World of Wenrenhua [1/4]
What would it be like to alter cities through painterly eyes? World of Wenrenhua is a game for breaking down Western perspectives of the city. In World of Wenrenhua, players operate a ‘Street View’ style car, scanning the world around them through the logic of a Chinese literati landscape painting, with an emphasis on artistic introspection rather than mathematical ‘accuracy’. This multiplayer game produces a world that becomes the repository of all the meanings and associations that players produce together.
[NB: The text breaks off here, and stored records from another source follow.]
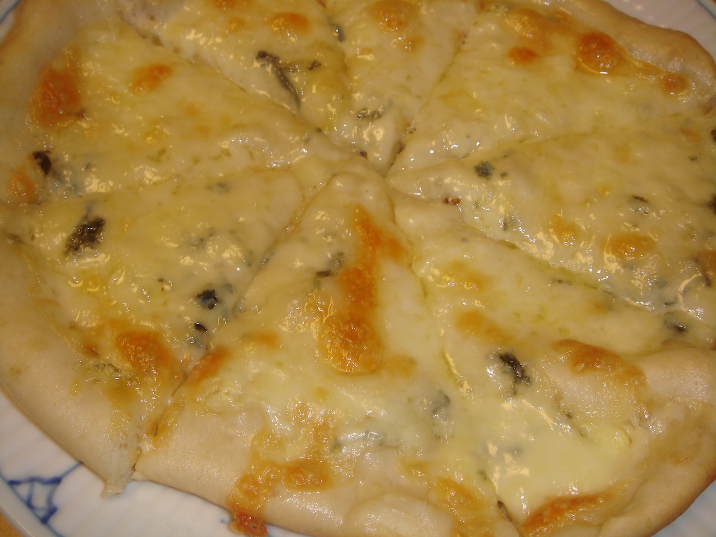 ピザは面倒だと思っている人もいるかもしれないが、意外と簡単。基本はこれ:薄力粉 300g 強力粉 300g ぬるま湯 300cc ドライイースト 小匙2杯 塩 オリーブオイル 適当つまり、薄力、強力、ぬるま湯が全部同じ数字だと覚えれば良い。あとはまぜてこねて発酵させて、トッピングを乗せて焼くだけ。これはクアトロフォルマージュといって4種類のチーズを乗せたピザ。必ず加えるのがブルーチーズ。これはロックフォールでもゴルゴンゾーラでも良い。こちらはミックス。ペパロニ、オニオン、など。合うお酒:ビール ワイン シャンパン
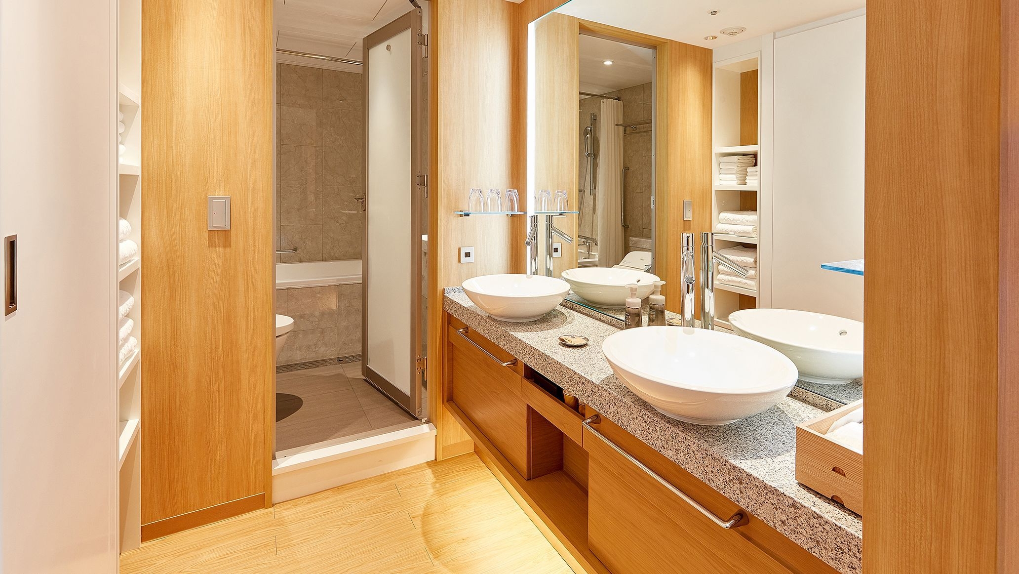 明るい陽が差し込み、心豊かなくつろぎを実現するナチュラルで上質な室内。洗い場付きバスルームを備えております。
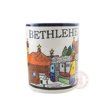 This 10 CM mug is adorned with an image of Jerusalem. It was made by ceramic artisans from Hebron.
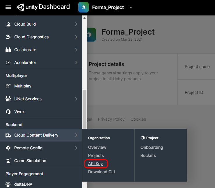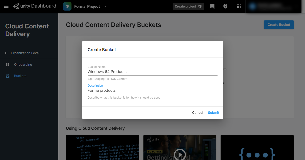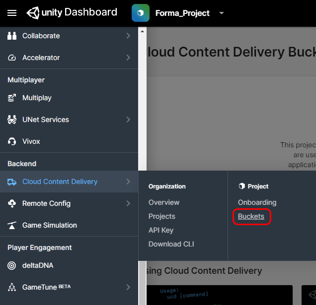 - From your Unity Cloud Content Delivery dashboard, select the Project you want to use (or add a new one).

Everyone is Architecture [2/4]
A cooperative spatial game, using geolocational positioning and augmented reality to create a system for public participation. Through virtual overlays and geofencing, participants embody architectural components, working together to choreograph new spatial experiences and create virtual buildings. Together players prototype new languages for architecture that reflect our daily interplay between the physical and digital.

Carbon Crush [3/4]
A roleplaying (RPG) game with a difference, where players are defined not by their growing mastery in swords and spells but by their real-world carbon footprint. By using the classic roleplaying mechanics of ‘self-improvement’ through repeated action, players can understand the impact their every-day decisions have on a larger scale. Yet, to fail in such a game is to fail in a synthetic world, not the real one that is under such imminent threat. In turn, Carbon Crush allows players to cultivate expertise for application in their everyday lives.

Stupid City [4/4]
Responding to the contemporary drive towards ‘Smart City’ technologies, framed as super-efficient futures where friction will be smoothed over in the service of capital, and citizens will be treated as corporate data sources. Players act as an AI, growing from a lowly smart toaster to eventually achieve ‘the singularity’. By occupying and controlling an AI, the game suggests that there are rich inconsistencies and illogical moments in urban life that can only be addressed through the culture of the human mind.